Segment Open

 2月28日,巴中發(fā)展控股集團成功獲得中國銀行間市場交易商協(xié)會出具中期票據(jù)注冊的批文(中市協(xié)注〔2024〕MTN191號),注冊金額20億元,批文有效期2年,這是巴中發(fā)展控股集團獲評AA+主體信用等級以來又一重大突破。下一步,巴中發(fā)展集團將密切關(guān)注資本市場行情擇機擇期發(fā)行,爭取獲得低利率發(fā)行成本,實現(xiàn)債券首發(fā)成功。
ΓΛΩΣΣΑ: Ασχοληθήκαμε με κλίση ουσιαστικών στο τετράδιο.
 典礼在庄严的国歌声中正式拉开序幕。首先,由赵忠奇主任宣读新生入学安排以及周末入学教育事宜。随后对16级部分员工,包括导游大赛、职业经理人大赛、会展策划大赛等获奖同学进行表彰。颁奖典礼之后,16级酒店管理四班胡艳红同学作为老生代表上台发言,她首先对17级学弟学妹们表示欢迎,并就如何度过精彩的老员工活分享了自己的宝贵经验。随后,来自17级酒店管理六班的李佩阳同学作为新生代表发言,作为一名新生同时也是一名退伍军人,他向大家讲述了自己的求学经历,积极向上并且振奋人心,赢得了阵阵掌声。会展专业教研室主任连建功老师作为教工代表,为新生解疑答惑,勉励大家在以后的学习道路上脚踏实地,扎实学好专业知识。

Segment Closed
Segment Open

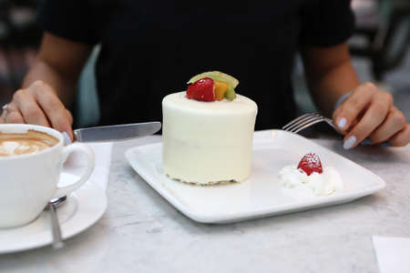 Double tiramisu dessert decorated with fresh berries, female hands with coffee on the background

Segment Closed
Segment Open

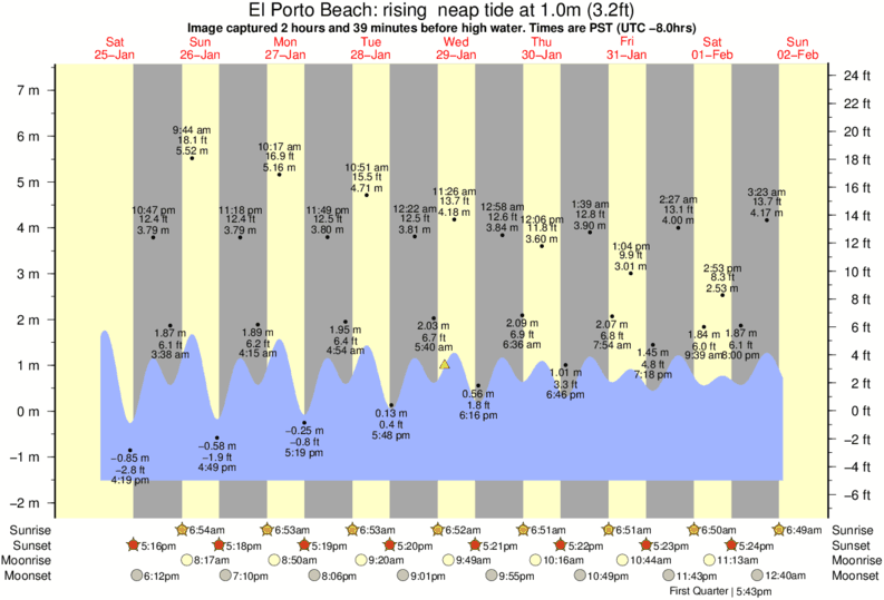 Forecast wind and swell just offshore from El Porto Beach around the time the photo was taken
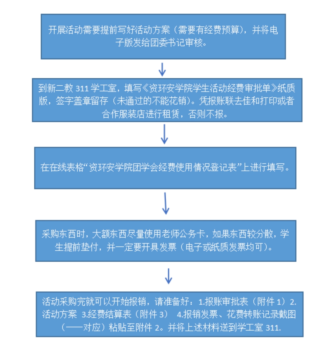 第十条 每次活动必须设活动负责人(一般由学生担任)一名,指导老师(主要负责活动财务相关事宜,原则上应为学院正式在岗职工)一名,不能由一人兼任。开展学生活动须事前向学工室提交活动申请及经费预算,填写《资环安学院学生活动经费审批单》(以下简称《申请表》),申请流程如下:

Segment Closed

▶ [PROBLEM DETAILS]: Produce only the lines from the line containing "2月28日,巴中發(fā)展" through the line containing "典礼在庄严的国歌声中正式拉开", inclusive of both, exactly as they stand in the entries above.

▶ [EXPECTED ANSWER]:
 2月28日,巴中發(fā)展控股集團成功獲得中國銀行間市場交易商協(xié)會出具中期票據(jù)注冊的批文(中市協(xié)注〔2024〕MTN191號),注冊金額20億元,批文有效期2年,這是巴中發(fā)展控股集團獲評AA+主體信用等級以來又一重大突破。下一步,巴中發(fā)展集團將密切關(guān)注資本市場行情擇機擇期發(fā)行,爭取獲得低利率發(fā)行成本,實現(xiàn)債券首發(fā)成功。
ΓΛΩΣΣΑ: Ασχοληθήκαμε με κλίση ουσιαστικών στο τετράδιο.
 典礼在庄严的国歌声中正式拉开序幕。首先,由赵忠奇主任宣读新生入学安排以及周末入学教育事宜。随后对16级部分员工,包括导游大赛、职业经理人大赛、会展策划大赛等获奖同学进行表彰。颁奖典礼之后,16级酒店管理四班胡艳红同学作为老生代表上台发言,她首先对17级学弟学妹们表示欢迎,并就如何度过精彩的老员工活分享了自己的宝贵经验。随后,来自17级酒店管理六班的李佩阳同学作为新生代表发言,作为一名新生同时也是一名退伍军人,他向大家讲述了自己的求学经历,积极向上并且振奋人心,赢得了阵阵掌声。会展专业教研室主任连建功老师作为教工代表,为新生解疑答惑,勉励大家在以后的学习道路上脚踏实地,扎实学好专业知识。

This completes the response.